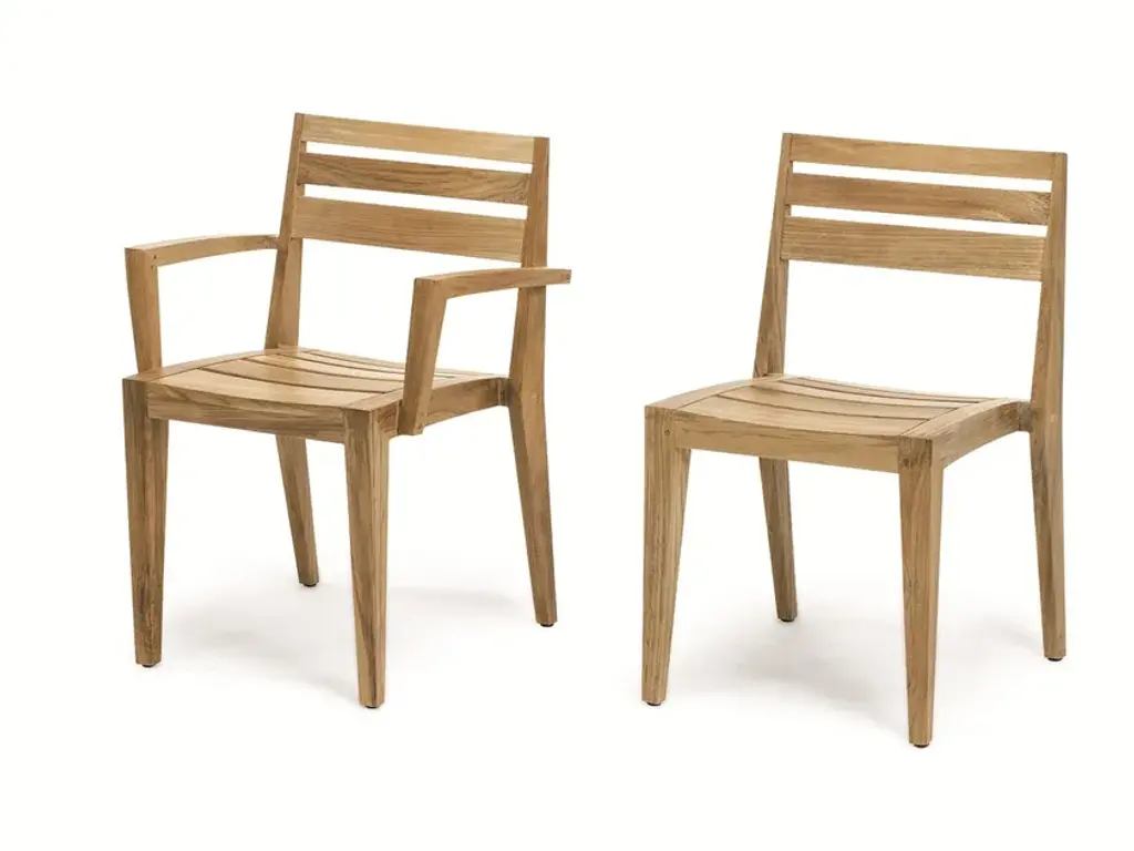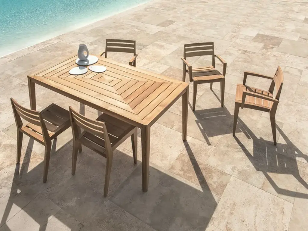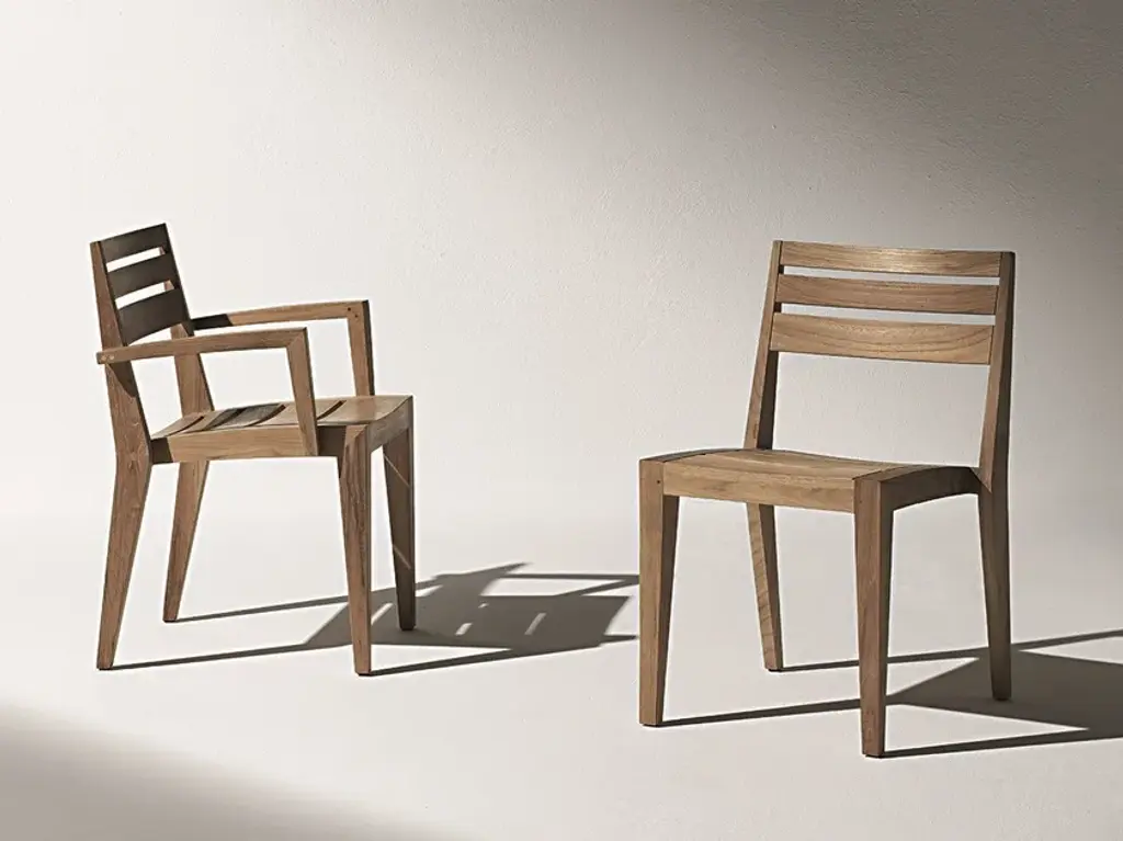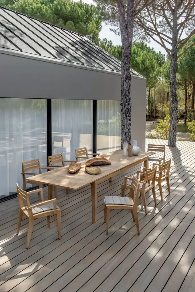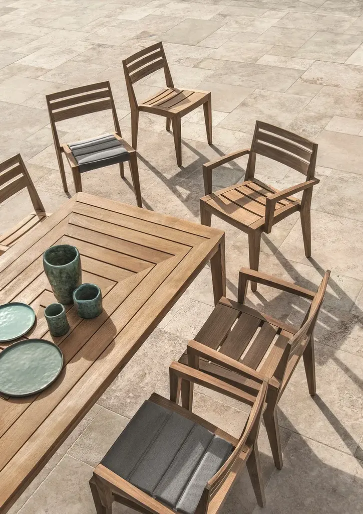 Ribot is the small armchair, designed by Marc Sadler, made entirely of teak with refined and decisive lines, which furnishes the outdoors with style and personality.The Ribot family was created to offer the private and contract world a choice of multi-purpose, durable teak chairs specific for outdoor use. The Ribot range is extended with the armchair designed for lounge situations enriched with a removable footrest that transforms the seat into a relaxing chaise longue. The design of the dining and lounge seating is completed with a cushion that becomes an integral part of the structure and which, with the new red Navajo, yellow and espresso, enhances the warm and blonde tonality of natural teak. The elegant and minimal design of the collection reveals the constant attention of Ethimo to the details and trends of contemporary outdoor living.
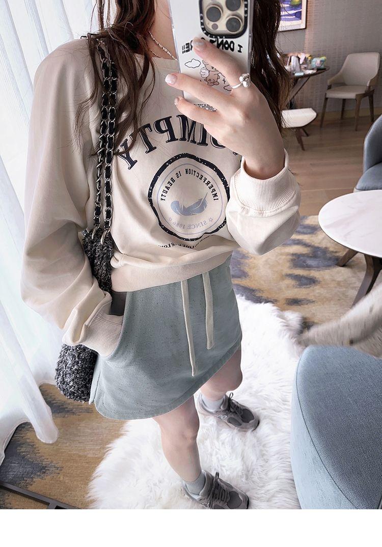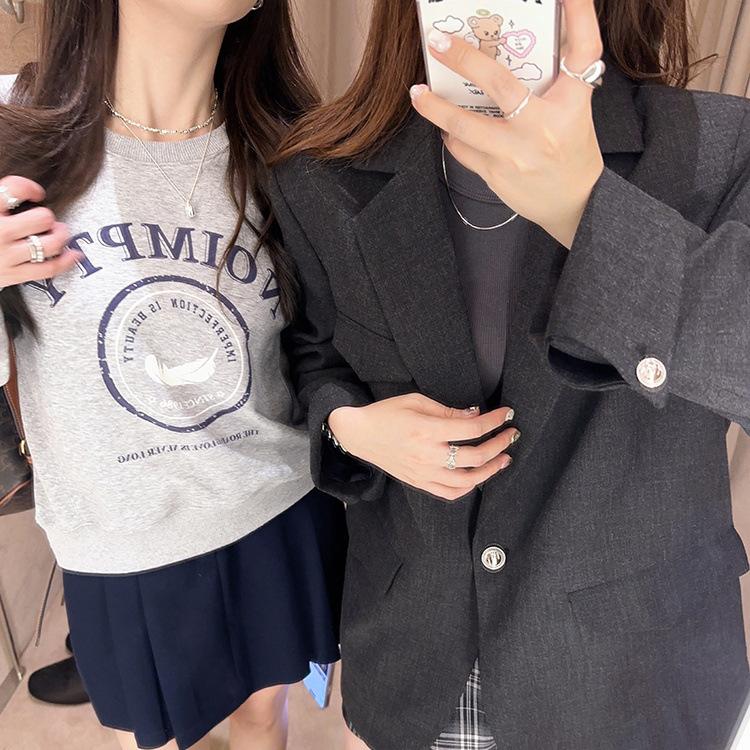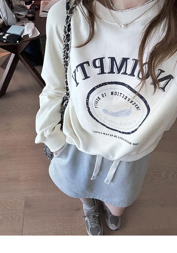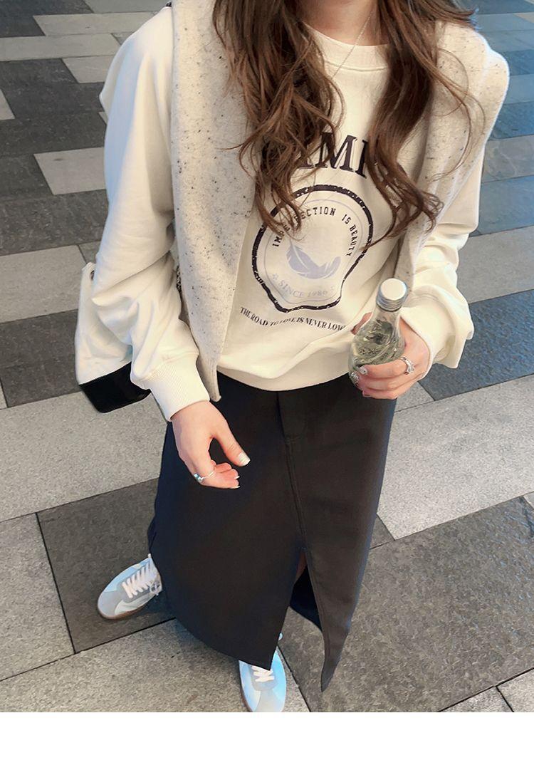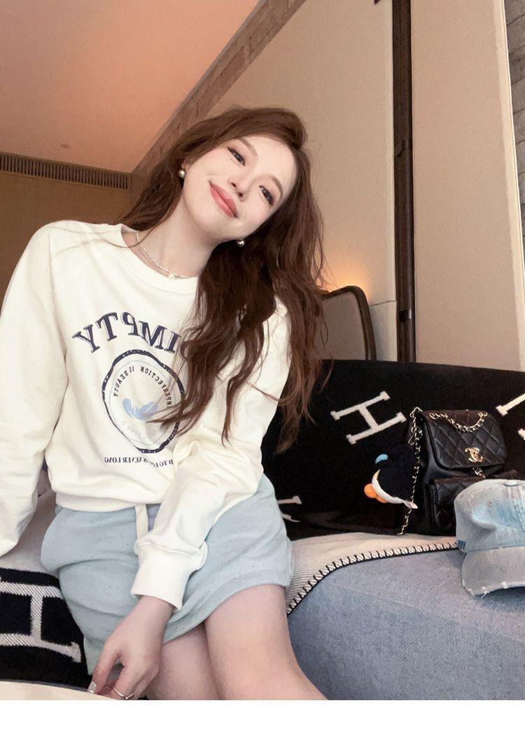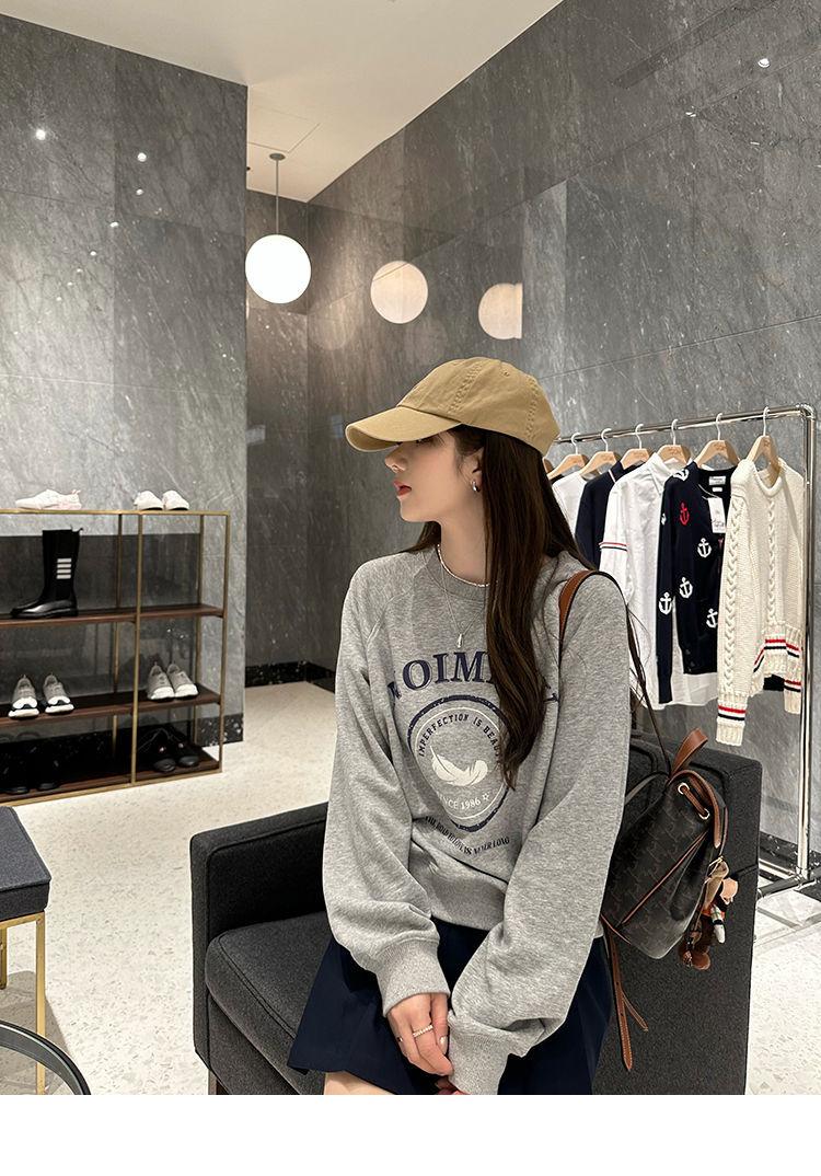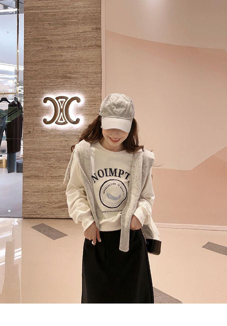 23 Otoño Nuevo estilo coreano Americano retro letras de plumas estilo perezoso suelto cuello redondo versátil manga larga suéter top
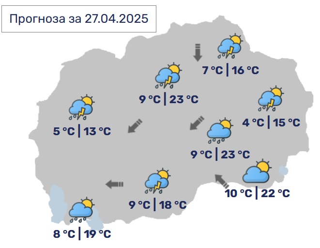 Во Скопје, променливо облачно, попладне во делови од котлината ќе биде нестабилно со пороен дожд, грмежи, засилен ветер и услови за изолирана појава на град.
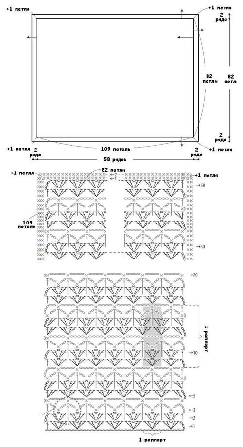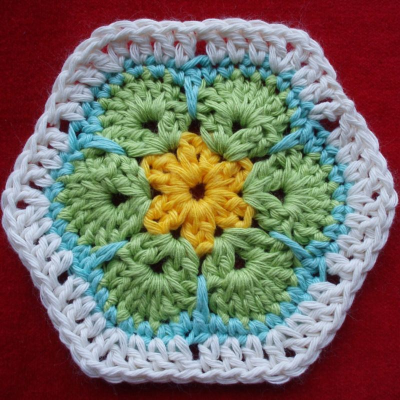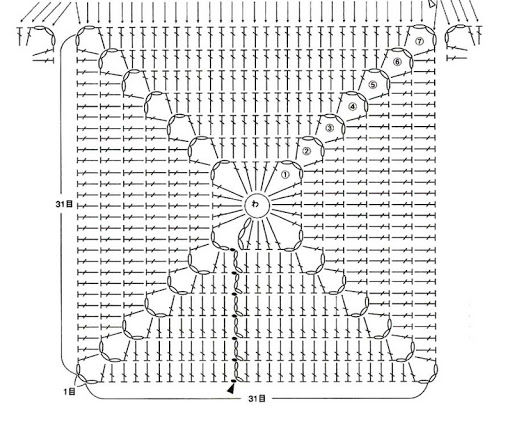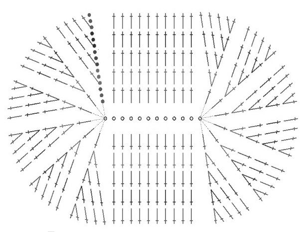 При тази сложна форма се използва техниката "квадрат на баба", при която платът е съставен от няколко свързани парчета. Закачете 8 въздушни примки, след което ги сплетете с полуоко в кръг. Останалите редове са съставени от нулеви бримки и въздушни бримки.
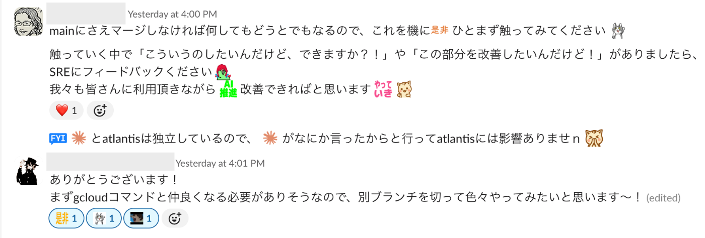 また、コーディングだけでなくAWSやKubernetesなどの知識についてもAIを通して質問できることで、それらの領域に関する疑問解消につながり、喜ばしいという反応をいただきました。
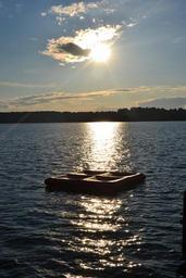 Keywords: raft cloud sun mountains sea trees lake swim mirroring landscape nature evening sky
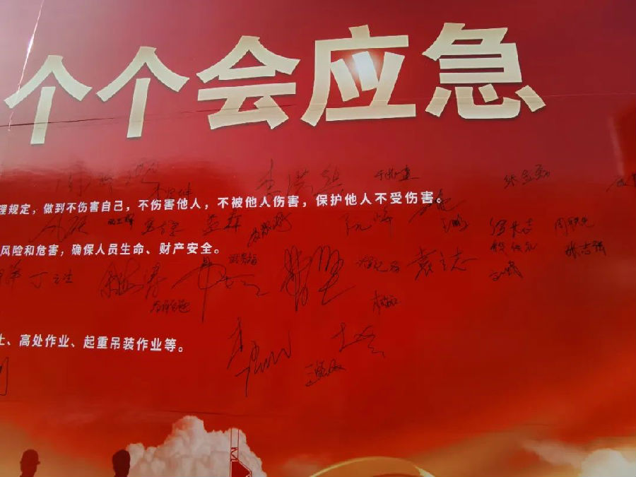 隨后,與會(huì)人員依次在“安全生產(chǎn)月”簽字墻上簽下自己的名字。通過“安全生產(chǎn)月”活動(dòng)的開展,警醒員工對(duì)安全的感知,增強(qiáng)安全生產(chǎn)的責(zé)任感,時(shí)刻繃緊安全弦,堅(jiān)守安全紅線,自覺規(guī)范操作,真正做到學(xué)安全、懂安全、能安全。
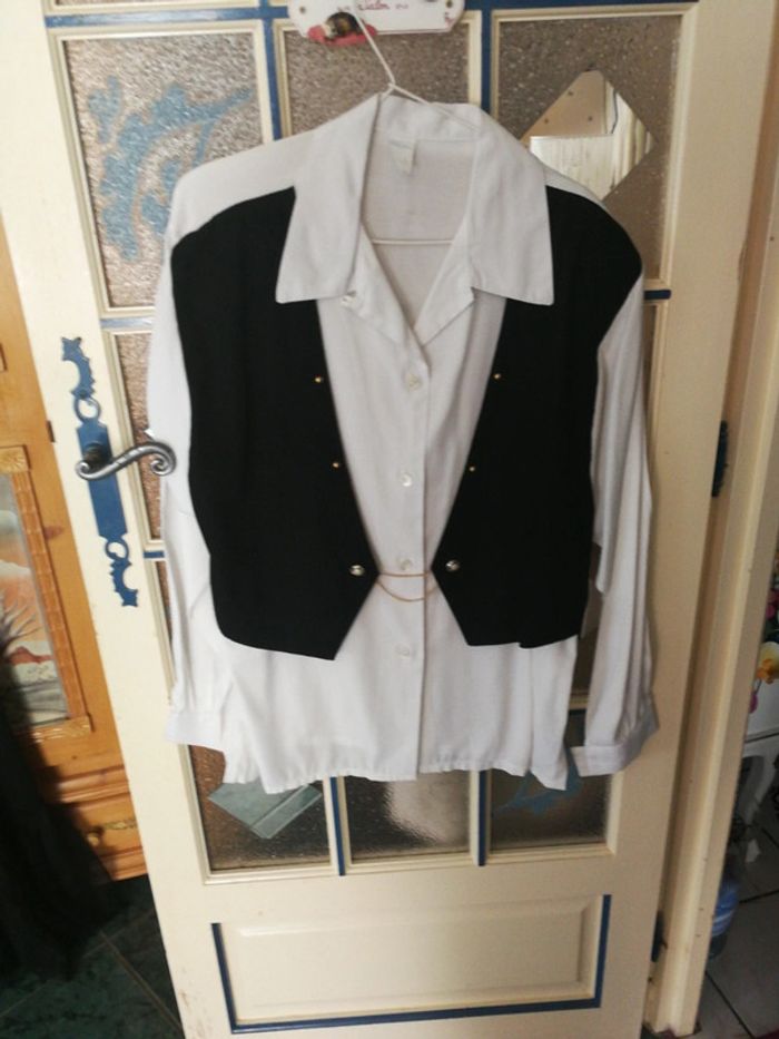 Chemisier vintage avec gilet et petite chaînette année 80 fabrication française
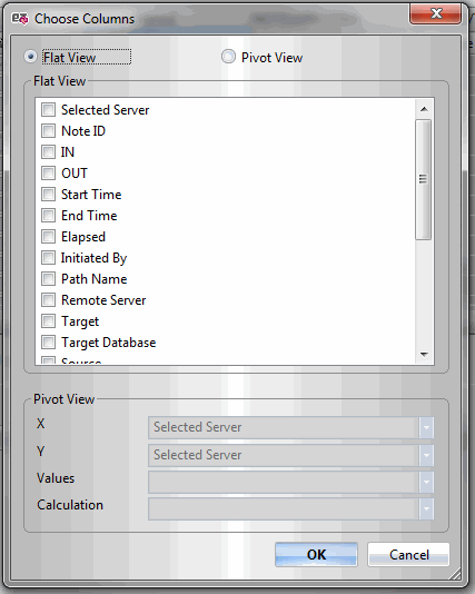 ログ分析を行う 1 つまたは複数のサーバーを選択すると、[列の選択] ダイアログが表示されます。ここでは [フラットビュー] (通常のグリッドタイプの表示) または [ピボットビュー] (スプレッドシートアプリケーションのピボットテーブルと同種のもの) を選択できます。
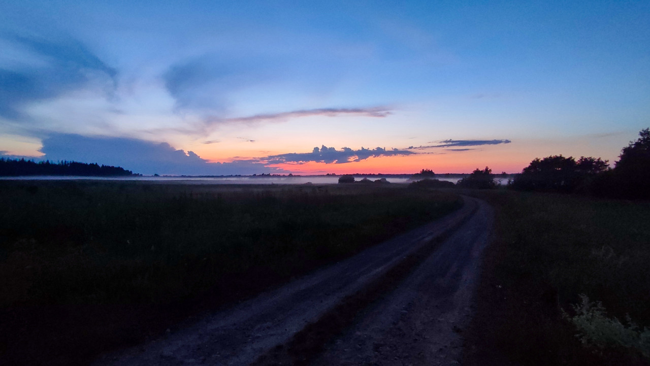 природа открытый воздух естественная среда природная зона природный ландшафт пейзаж ландшафтная фотография растительность лес деревья небо сельская местность поле луг просёлочная дорога грунтовка поворот дороги горизонт линия леса кусты туман дымка вечер сумерки закат розовый горизонт облака облачный фронт синее небо спокойствие даль панорама лето безлюдно путешествия фонПохожие фотографии
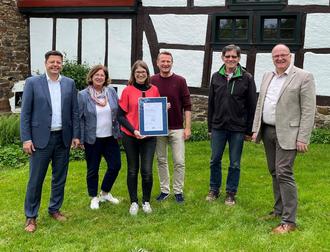 Christoph Eßer-Ayertey (RAL), Marion Wamig (Tourist Info Adenau), Stephanie Pannhausen, Rolf Pannhausen, Peter Richrath (Ortsbürgermeister Antweiler), Guido Nisius (Bürgermeister Verbandsgemeinde Adenau) freuen sich über die Ecolabel- Zertifizierung (v. l.)
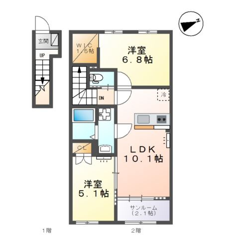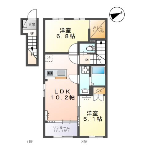 LDK 10.2帖 1室/洋室 6.8帖 1室/洋室 5.1帖 1室 - 向き

================

▶ _TASK DETAILS_: Begin at the top of the records above and retype each line exactly until the line containing "Во Скопје, променливо", which is included. Skip all pictures.

▶ _FINAL ANSWER_:
 Ribot is the small armchair, designed by Marc Sadler, made entirely of teak with refined and decisive lines, which furnishes the outdoors with style and personality.The Ribot family was created to offer the private and contract world a choice of multi-purpose, durable teak chairs specific for outdoor use. The Ribot range is extended with the armchair designed for lounge situations enriched with a removable footrest that transforms the seat into a relaxing chaise longue. The design of the dining and lounge seating is completed with a cushion that becomes an integral part of the structure and which, with the new red Navajo, yellow and espresso, enhances the warm and blonde tonality of natural teak. The elegant and minimal design of the collection reveals the constant attention of Ethimo to the details and trends of contemporary outdoor living.
 23 Otoño Nuevo estilo coreano Americano retro letras de plumas estilo perezoso suelto cuello redondo versátil manga larga suéter top
 Во Скопје, променливо облачно, попладне во делови од котлината ќе биде нестабилно со пороен дожд, грмежи, засилен ветер и услови за изолирана појава на град.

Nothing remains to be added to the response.